Single by Ernest Tubb and Red Foley
- B-side: "I'm in Love with Molly"
- Released: December 1951
- Recorded: 1951
- Genre: Country
- Length: 2:50
- Label: Decca
- Songwriter: Bill Carlisle

= Too Old to Cut the Mustard =

"Too Old To Cut the Mustard" is a country music song written by Bill Carlisle and popularized with a 1951 duet by Ernest Tubb and Red Foley. It was released on the Decca label (catalog no. 46387) with "I'm in Love with Molly" as the flip-side. It peaked at No. 5 on the Billboard country and western best seller chart, No. 8 on the juke box chart, and No. 10 on the disc jockey chart. It remained on the charts for nine weeks.

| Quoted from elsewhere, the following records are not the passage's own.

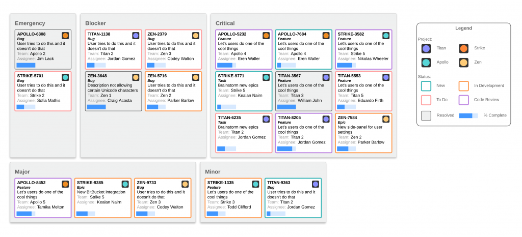 - Offers neat visual customization options like percentage-complete bars, and colored “traffic light” indicators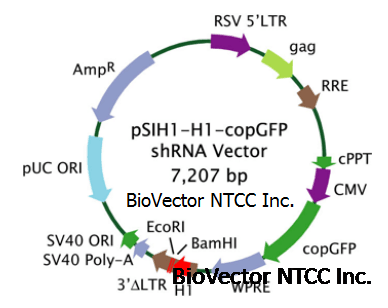 pSIH1-H1-CopGFP慢病毒shRNA荧光表达载体基因沉默载体 BioVector NTCC质粒载体菌种细胞基因保藏中心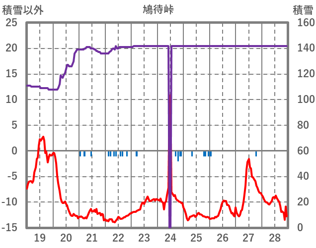 | 日 | 時 | 気温 | 降水 | 風向/風速 | 日照 | 積雪 | 降雪 |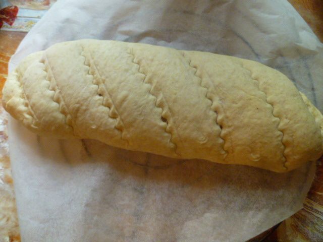 Перенести на противень с пергаментом, сделать насечки поглубже.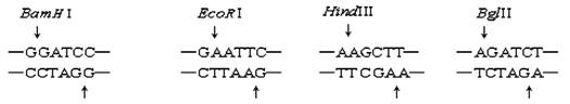 限制酶是一种核酸切割酶,可识别并切割DNA分子上特定的脱氧核苷酸碱基序列。下图为四种限制酶BamHI,EcoRI,HindⅢ以及BglⅡ的辨识序列。箭头表示每一种限制酶的特定切割部位,其中哪两种限制酶所切割出来的DNA片段末端可以互补黏合?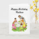 this birthday card has a vIntage image of children at an outdoor birthday party.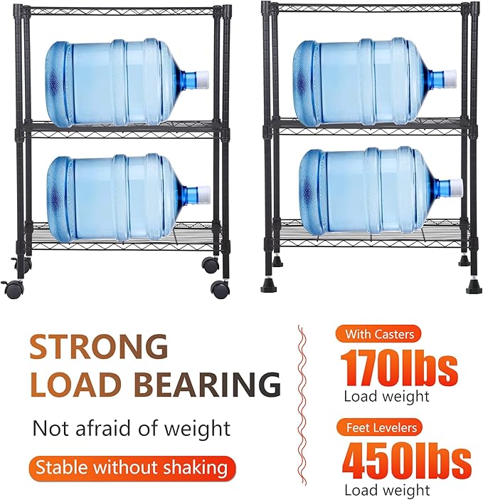 - HEAVY-DUTY & FLEXIBLE SETUP: Use feet levelers for up to 450 lbs total (150 lbs per shelf) or caster wheels for easy mobility, supporting up to 170 lbs when weight is evenly distributed.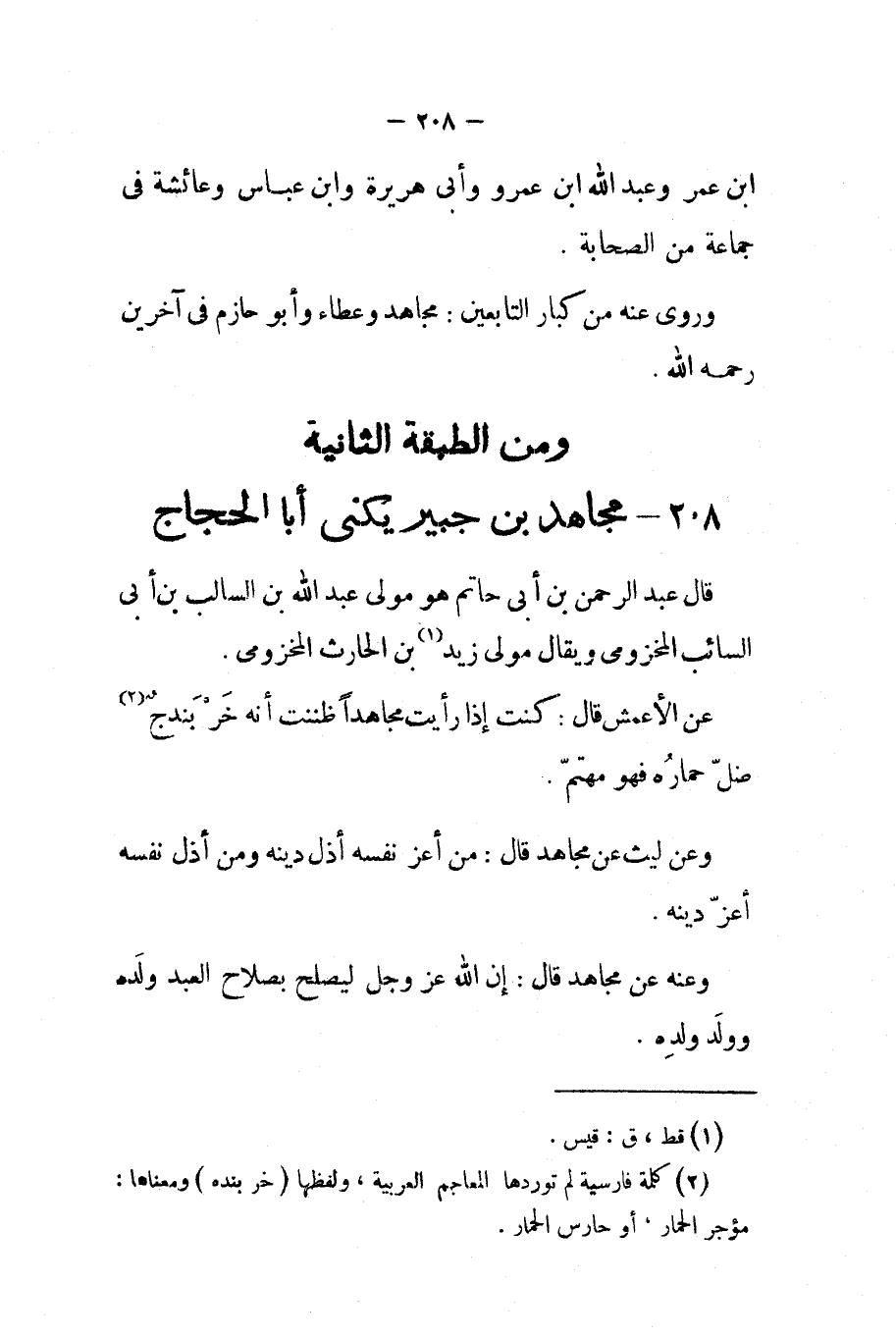 208 - مجاهد بن جبير يكنى أبا الحجاج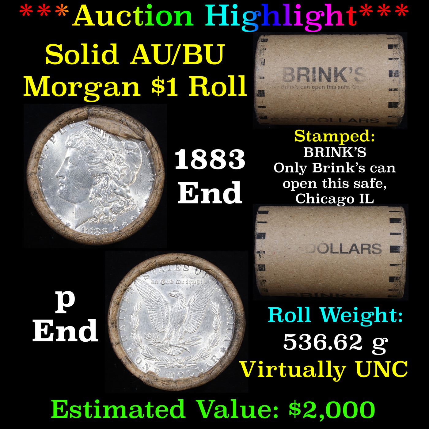 ***Auction Highlight*** AU/BU Slider Brinks Shotgun Morgan $1 Roll 1883 & P Ends Virtually UNC (fc)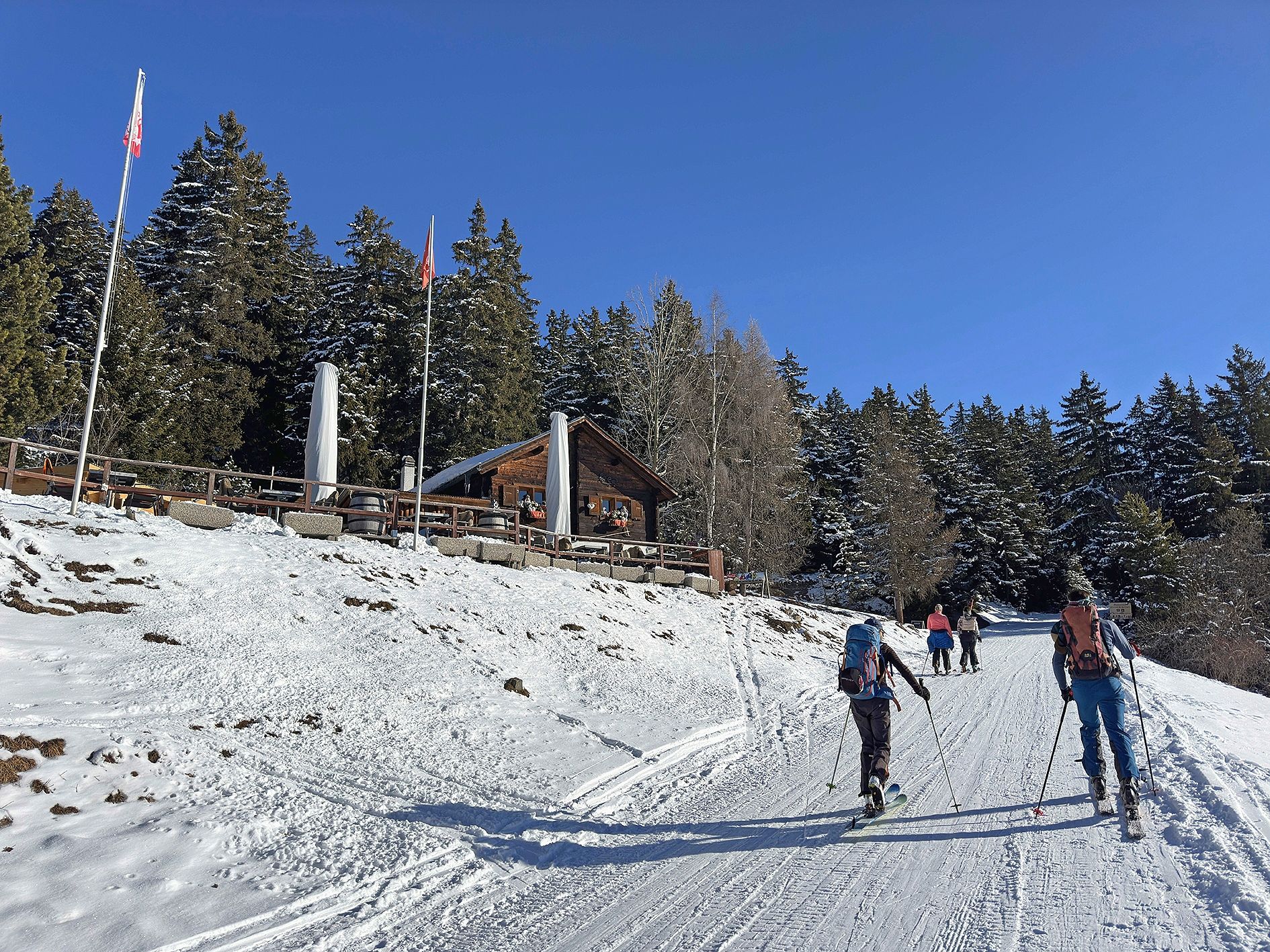 Train jusqu’à Sierre, funiculaire jusqu’à Montana et bus navette jusqu’à Aminona.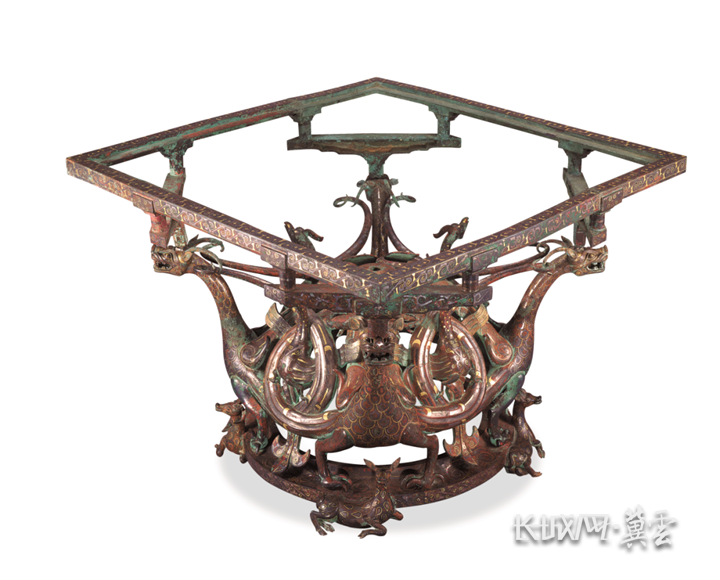 约·会·国宝要讲解的文物之一——错金银四龙四凤铜方案座 河北博物院藏。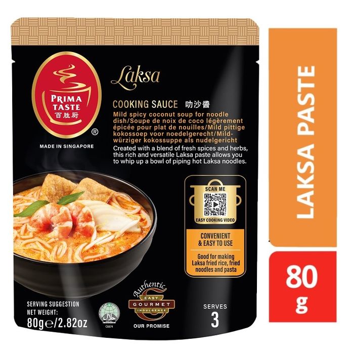 PRIMA AA LAKSA PASTE is created with a blend of fresh spices and herbs, this rich and versatile Laksa Paste allows you to whip out a bowl of piping hot Laksa noodles or a plate of of stir-fried Laksa fried rice. No added preservatives, artificial colouring & flavouring. No MSG added.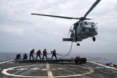 Keywords: US Navy 100122-N-6044L-003 Sailors assigned to the guided-missile frigate USS McClusky (FFG 41) conduct helicopter in-flight refueling training.jpg en EASTERN PACIFIC Jan 22 2010 Sailors assigned to the guided-missile frigate USS McClusky FFG 41 conduct helicopter in-flight refueling training with an SH-60B Sea Hawk helicopter assigned to the Wolfpack of Helicopter Anti-Submarine Squadron Light HSL 45 McClusky and HSL-45 Detachment 3 are conducting counter-illicit trafficking missions in the U S 4th Fleet area of responsibility U S Navy photo by Lt Austin Long/Released 2010-01-22 100122-N-6044L-003 Navy http //www navy mil/view_image asp id 80707 U S Navy photo by Lt Austin Long PD-USGov-Military-Navy USS McClusky FFG-41 |
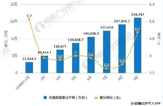 2018年1-9月全國原煤產(chǎn)量統(tǒng)計及增長情況

The Carlisles (featuring songwriter Bill Carlisle) also had a hit with their 1951 version of the song, issued on the Mercury label, peaking at No. 6 on the country and western disc jockey chart. Buck Owens and his son Buddy Alan (known as "Buck and Buddy") had a hit in 1972 with their version reaching No. 29. The song was also covered in duets in 1952 by Rosemary Clooney and Marlene Dietrich.

The song's comical lyrics comment on the effects of aging, referring to the condition as being "too old to cut the mustard anymore." The ladies used to stand in line, but now they go the other way. He used to jump like a deer, but now he needs a new landing gear.